I'm not sure whether you're just looking to pick a fight here BAS so, if you are, lemme know and I'll just get the popcorn and enjoy the show.
No, he's not picking a fight, just being BAS. We all know what he's like, he's made his mind up, made statements (or at least implied things), and can't possibly deviate from that first position - regardless of what anyone else says.
Sometimes I wonder if low cost hardware leads to some "strange" ways of providing back up services using complex software procedures and switching ( re-routing ) of data paths. This often adds to the complexity and introduces more potential for failure / error.
Yes, it does !
It can come down to - do you buy a high spec server with redundant PSUs, etc, etc, and backed up by a 4 hour on-site guarantee from the vendor. Or do you cobble together several lower spec machines, shared storage, all the overhead and complexity that goes with that, and rely on not too much hardware failing at once.
If you've never looked at what they do, Google is an interesting case of taking low cost to the extreme and providing reliability by other means (in their case, writing their own filesystem !). Their reasoning goes that if the MTBF of a single node is (say) 1000 days, then on average a single machine will break down once every three years. If you have 1000 machines ina cluster, then on average you can expect to lose one machine per day. If you have 20,000 machines in a cluster, then your losses will be an average of 20/day or nearly one/hour.

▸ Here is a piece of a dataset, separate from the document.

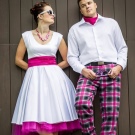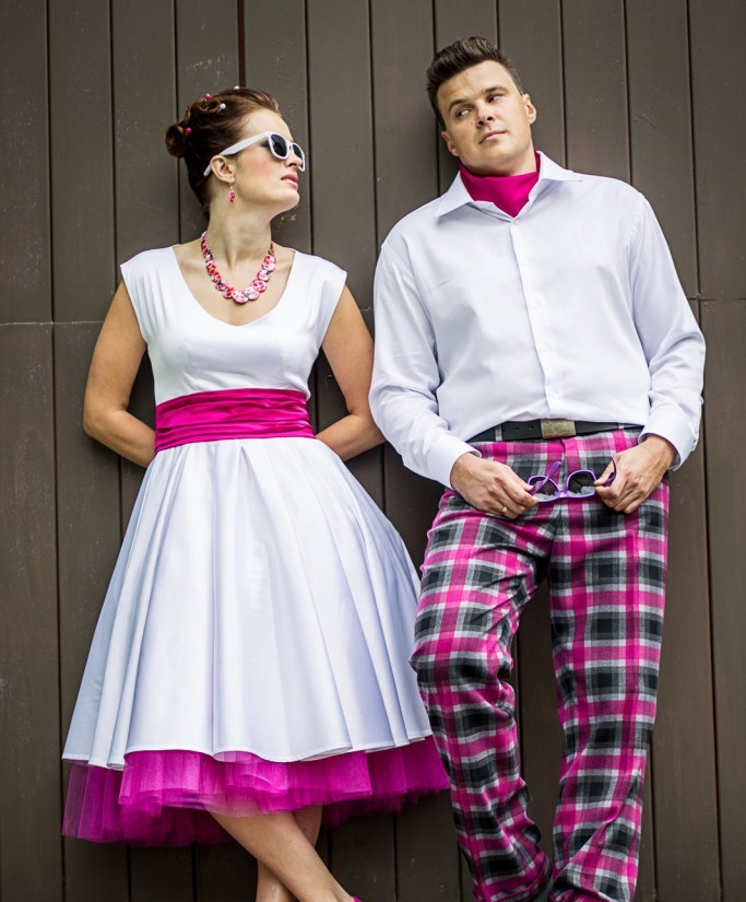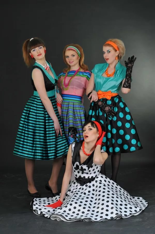 The most common were and remain prints in the form of large peas, horizontal and vertical stripes, patterns of flowers and ornaments of geometric shapes. A peculiar highlight of the dress of the first followers of the new subculture was that their pet-skirts were not white, but colored.
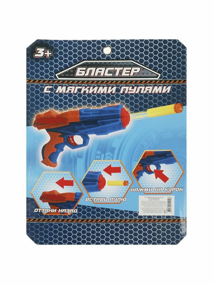 | Комплектация | бластер - 1 шт, мягкие пули - 5 шт |

So their answer is to buy cheap, and write redundancy into the software. Their JFS breaks large datasets into chunks, and the controller ensures that there are at least three copies of any chunk, spread across three nodes in the cluster, and not all in the same rack. Thus you can take out any node, or even two nodes, and the data is still there. You can take out a whole rack and the data is still there - the software will automatically allocate another storage node to replicate the data to to bring the number of available copies up to three.
That's great for a big read-only dataset (such as the back end indexes used for serving up queries) - trying to do that with rear-write data then introduces the nightmare of ensuring write concurrency and consistency.
They also automate their config, so when a node is replaced, all the operator needs to do is tell the management system it's identity and it's role - then when the node comes online, the management system can serve it up the right image, it can self install, and go into service without further intervention.
All brilliant, if you've an operation of such a scale where the investment is worthwhile.
For a small business, your best bet is buy something reasonably reliable, and have a business continuity plan that will allow you to keep going during any outage. Well actually, the BC plan should drive what you put in, since the BC plan will tell you what your technical recovery time objective needs to be.
If your TRTO is "several days" then anything other than something you can repair and be running again in a day or two is overkill. On the other hand, if you end up with a TRTO of 3 hours, having something you can get going by next day isn't worth it - you'll be out of business.